Activity: Each line below from the one containing "國防武器裝備科研生產(chǎn)三級保密資格單位證書" through the one containing "Calcula la altura" should be output exactly as it stands, and no other line should appear.

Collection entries
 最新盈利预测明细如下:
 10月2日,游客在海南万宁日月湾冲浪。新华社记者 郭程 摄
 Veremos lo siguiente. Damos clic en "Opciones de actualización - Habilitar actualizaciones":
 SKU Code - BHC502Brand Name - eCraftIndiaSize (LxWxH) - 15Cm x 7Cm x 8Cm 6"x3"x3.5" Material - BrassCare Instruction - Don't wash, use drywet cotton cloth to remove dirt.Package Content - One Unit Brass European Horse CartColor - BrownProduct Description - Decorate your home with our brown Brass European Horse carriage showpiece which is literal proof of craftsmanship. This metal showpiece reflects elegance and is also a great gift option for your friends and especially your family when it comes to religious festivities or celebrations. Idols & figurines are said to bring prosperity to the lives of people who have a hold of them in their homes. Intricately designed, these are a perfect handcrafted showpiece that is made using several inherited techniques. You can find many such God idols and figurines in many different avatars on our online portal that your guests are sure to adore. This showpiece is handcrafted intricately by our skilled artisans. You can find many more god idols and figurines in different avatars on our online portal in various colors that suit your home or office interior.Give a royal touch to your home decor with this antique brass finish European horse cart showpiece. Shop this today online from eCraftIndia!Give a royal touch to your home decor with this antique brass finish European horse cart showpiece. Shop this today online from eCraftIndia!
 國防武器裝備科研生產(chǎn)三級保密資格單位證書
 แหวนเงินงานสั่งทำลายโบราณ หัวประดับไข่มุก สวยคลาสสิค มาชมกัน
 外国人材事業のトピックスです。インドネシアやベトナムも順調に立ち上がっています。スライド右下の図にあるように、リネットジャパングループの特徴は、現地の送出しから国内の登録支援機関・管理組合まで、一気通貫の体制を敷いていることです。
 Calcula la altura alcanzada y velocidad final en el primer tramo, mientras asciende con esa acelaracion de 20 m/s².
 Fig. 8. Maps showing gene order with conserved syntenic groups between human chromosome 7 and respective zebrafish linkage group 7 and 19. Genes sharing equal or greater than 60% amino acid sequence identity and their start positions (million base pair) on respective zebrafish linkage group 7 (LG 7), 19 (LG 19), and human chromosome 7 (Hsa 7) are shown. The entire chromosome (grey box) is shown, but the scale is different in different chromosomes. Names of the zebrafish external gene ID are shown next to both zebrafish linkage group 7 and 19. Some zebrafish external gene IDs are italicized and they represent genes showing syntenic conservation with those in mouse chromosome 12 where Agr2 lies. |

--

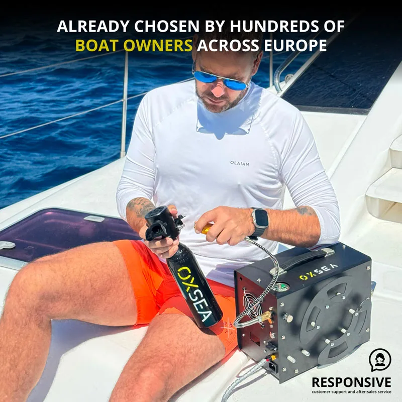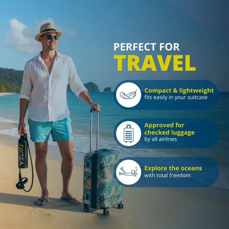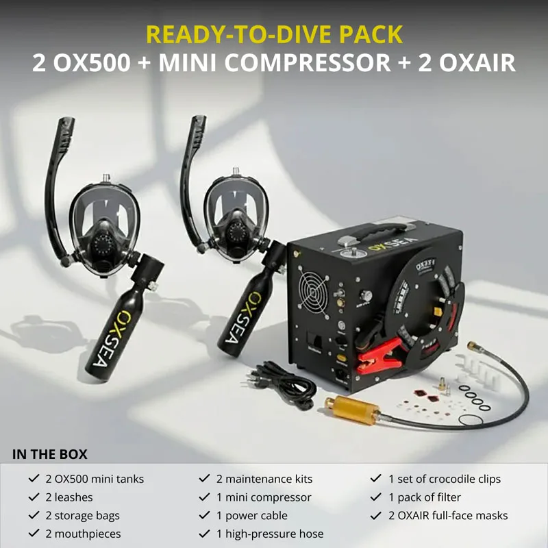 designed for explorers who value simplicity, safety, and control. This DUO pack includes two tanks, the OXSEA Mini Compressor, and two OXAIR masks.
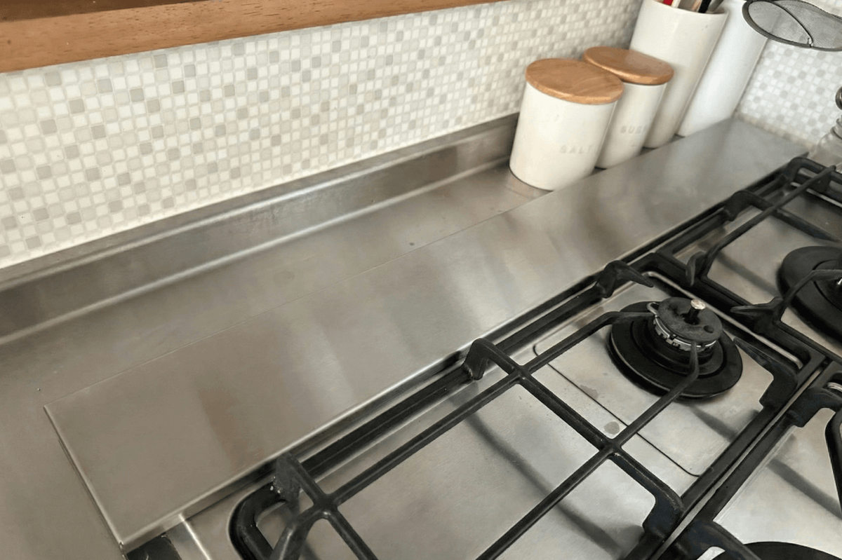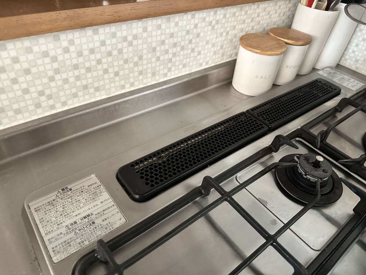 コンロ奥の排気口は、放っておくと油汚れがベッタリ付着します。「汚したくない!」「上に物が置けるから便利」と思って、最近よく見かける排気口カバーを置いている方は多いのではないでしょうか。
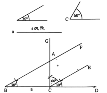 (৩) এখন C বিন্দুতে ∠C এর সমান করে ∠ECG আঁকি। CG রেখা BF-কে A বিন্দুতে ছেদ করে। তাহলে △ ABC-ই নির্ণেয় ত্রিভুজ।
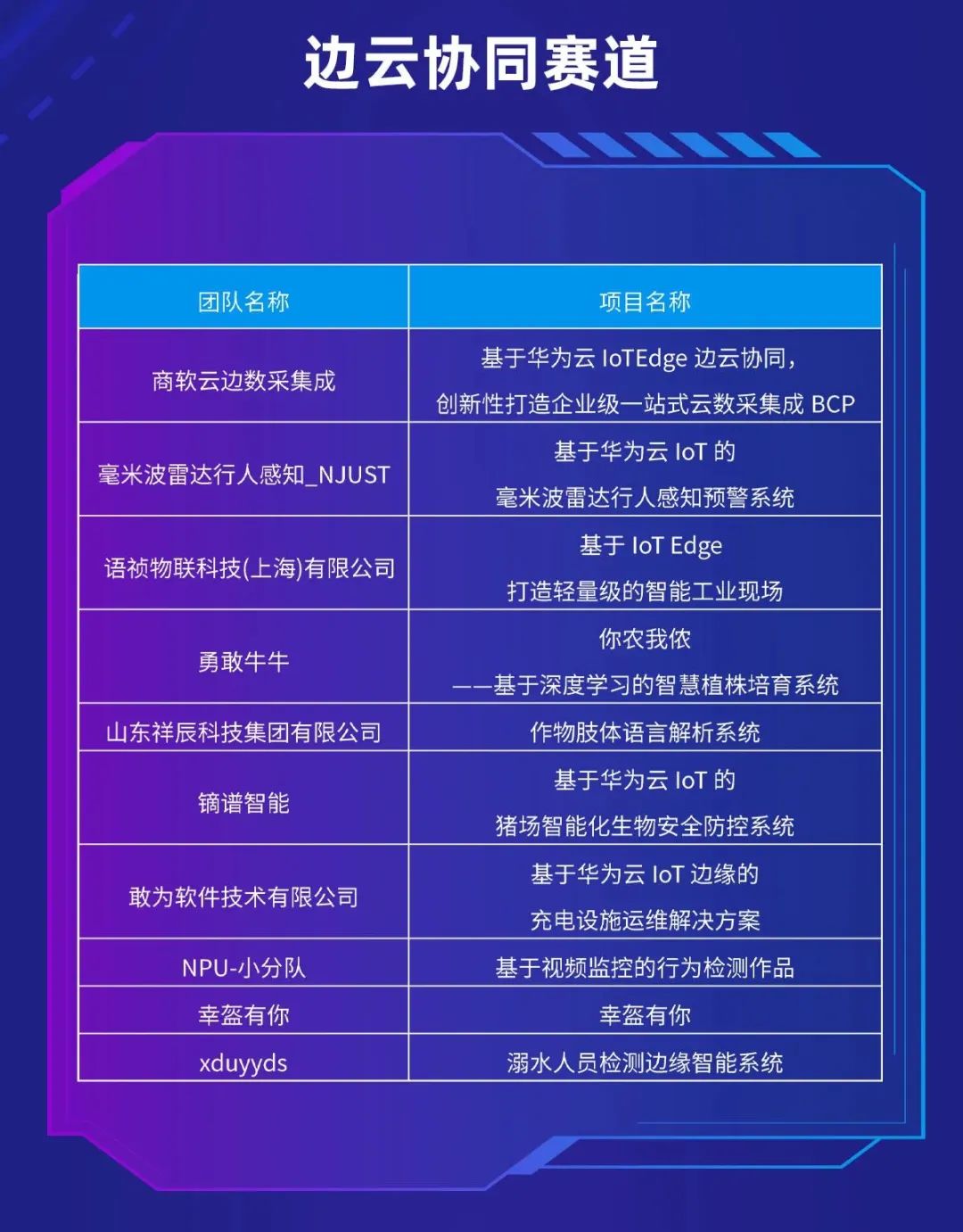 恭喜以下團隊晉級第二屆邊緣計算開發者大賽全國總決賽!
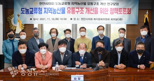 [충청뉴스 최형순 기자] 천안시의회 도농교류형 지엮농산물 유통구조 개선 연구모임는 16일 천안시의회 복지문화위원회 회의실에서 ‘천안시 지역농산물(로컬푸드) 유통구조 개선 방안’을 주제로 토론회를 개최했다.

Written answer:
 國防武器裝備科研生產(chǎn)三級保密資格單位證書
 แหวนเงินงานสั่งทำลายโบราณ หัวประดับไข่มุก สวยคลาสสิค มาชมกัน
 外国人材事業のトピックスです。インドネシアやベトナムも順調に立ち上がっています。スライド右下の図にあるように、リネットジャパングループの特徴は、現地の送出しから国内の登録支援機関・管理組合まで、一気通貫の体制を敷いていることです。
 Calcula la altura alcanzada y velocidad final en el primer tramo, mientras asciende con esa acelaracion de 20 m/s².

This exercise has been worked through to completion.